Эти страдания выше моих сил. А ведь днем было так тепло! Я пытаюсь вспомнить, какое сегодня число, но кто ведет счет дням, когда их смена уже не имеет никакого значения для нас, живущих по календарю вечности? Все же мне кажется, что, возможно, по-военному сегодня 12/25 сентября.
Для горных мест здесь, в Трансильвании, такие ледяные ночи, наверное, дело обычное. Напрасно поворачиваюсь я то на один, то на другой бок и стискиваю зубы. Даже перчатки меня не греют. Ко всему этому прибавляется новое страдание, унизительное, о нем в эту ночь знаю только я: у меня ручьем текут слезы, и становятся еще обильнее при каждой попытке остановить их. Хоть бы никто не увидел их, никто не узнал!
Измученный, я вглядываюсь во тьму, тщательно сравниваю тени деревьев, пытаюсь уловить признаки приближающегося рассвета, но тщетно. Чувствую, что к утру я просто сойду с ума от холода...

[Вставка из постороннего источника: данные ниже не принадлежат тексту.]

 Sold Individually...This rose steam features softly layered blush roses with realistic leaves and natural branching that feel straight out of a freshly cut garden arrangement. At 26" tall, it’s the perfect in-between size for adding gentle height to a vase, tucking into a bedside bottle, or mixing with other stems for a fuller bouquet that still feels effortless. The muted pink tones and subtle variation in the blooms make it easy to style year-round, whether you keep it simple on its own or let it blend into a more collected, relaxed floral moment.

Пятеро мужчин и две женщины становятся жертвами кораблекрушения и оказываются на необитаемом острове, населенном слепыми птицами и гигантскими ящерицами. Лишенные воды, еды и надежды на спасение герои вынуждены противостоять не только приближающейся смерти, но и собственному прошлому, от которого они пытались сбежать и которое теперь преследует их в снах и галлюцинациях, почти неотличимых от реальности. Прослеживая путь, который каждый из них выберет перед лицом смерти, освещая самые темные уголки их душ, Стиг Дагерман (1923–1954) исследует природу чувства вины, страха и одиночества.

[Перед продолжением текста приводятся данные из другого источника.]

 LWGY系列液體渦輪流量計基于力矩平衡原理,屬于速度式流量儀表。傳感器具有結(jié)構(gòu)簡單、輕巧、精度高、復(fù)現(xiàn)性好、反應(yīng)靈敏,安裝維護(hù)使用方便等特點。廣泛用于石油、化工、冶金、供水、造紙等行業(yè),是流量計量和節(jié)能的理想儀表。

Книгу «Дорога сворачивает к нам» написал известный литовский писатель Миколас Слуцкис. Читателям знакомы многие книги этого автора. Для детей на русском языке были изданы его сборники рассказов: «Адомелис-часовой», «Аисты», «Великая борозда», «Маленький почтальон», «Как разбилось солнце». Большой отклик среди юных читателей получила повесть «Добрый дом», которая издавалась на русском языке три раза. Героиня новой повести М. Слуцкиса «Дорога сворачивает к нам» Мари́те живет в глухой деревушке, затерявшейся среди лесов и болот, вдали от большой дороги.
Впервые издаётся на русском языке одна из самых важных работ в творческом наследии знаменитого португальского поэта и писателя Мариу де Са-Карнейру (1890–1916) – его единственный роман «Признание Лусиу» (1914). Изысканная дружба двух декадентствующих литераторов, сохраняя всю свою сложную ментальность, удивительным образом эволюционирует в загадочный любовный треугольник. Усложнённая внутренняя композиция произведения, причудливый язык и стиль письма, преступление на почве страсти, «саморасследование» и необычное признание создают оригинальное повествование «топовой» литературы эпохи Модернизма.

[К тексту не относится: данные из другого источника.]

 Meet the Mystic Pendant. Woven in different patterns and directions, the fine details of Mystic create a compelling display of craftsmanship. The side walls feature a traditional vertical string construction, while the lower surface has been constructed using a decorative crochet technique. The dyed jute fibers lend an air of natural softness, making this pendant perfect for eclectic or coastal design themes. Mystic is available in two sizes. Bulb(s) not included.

Роман современного писателя из ГДР посвящен нелегкому ратному труду пограничников Национальной народной армии, в рядах которой молодые воины не только овладевают комплексом военных знаний, но и крепнут духовно, становясь настоящими патриотами первого в мире социалистического немецкого государства. Книга рассчитана на широкий круг читателей.
В книге рассказывается история главного героя, который сталкивается с различными проблемами и препятствиями на протяжении всего своего путешествия. По пути он встречает множество второстепенных персонажей, которые играют важные роли в истории. Благодаря опыту главного героя книга исследует такие темы, как любовь, потеря, надежда и стойкость. По мере того, как главный герой преодолевает свои трудности, он усваивает ценные уроки жизни и растет как личность.
В книге рассказывается история главного героя, который сталкивается с различными проблемами и препятствиями на протяжении всего своего путешествия. По пути он встречает множество второстепенных персонажей, которые играют важные роли в истории. Благодаря опыту главного героя книга исследует такие темы, как любовь, потеря, надежда и стойкость. По мере того, как главный герой преодолевает свои трудности, он усваивает ценные уроки жизни и растет как личность.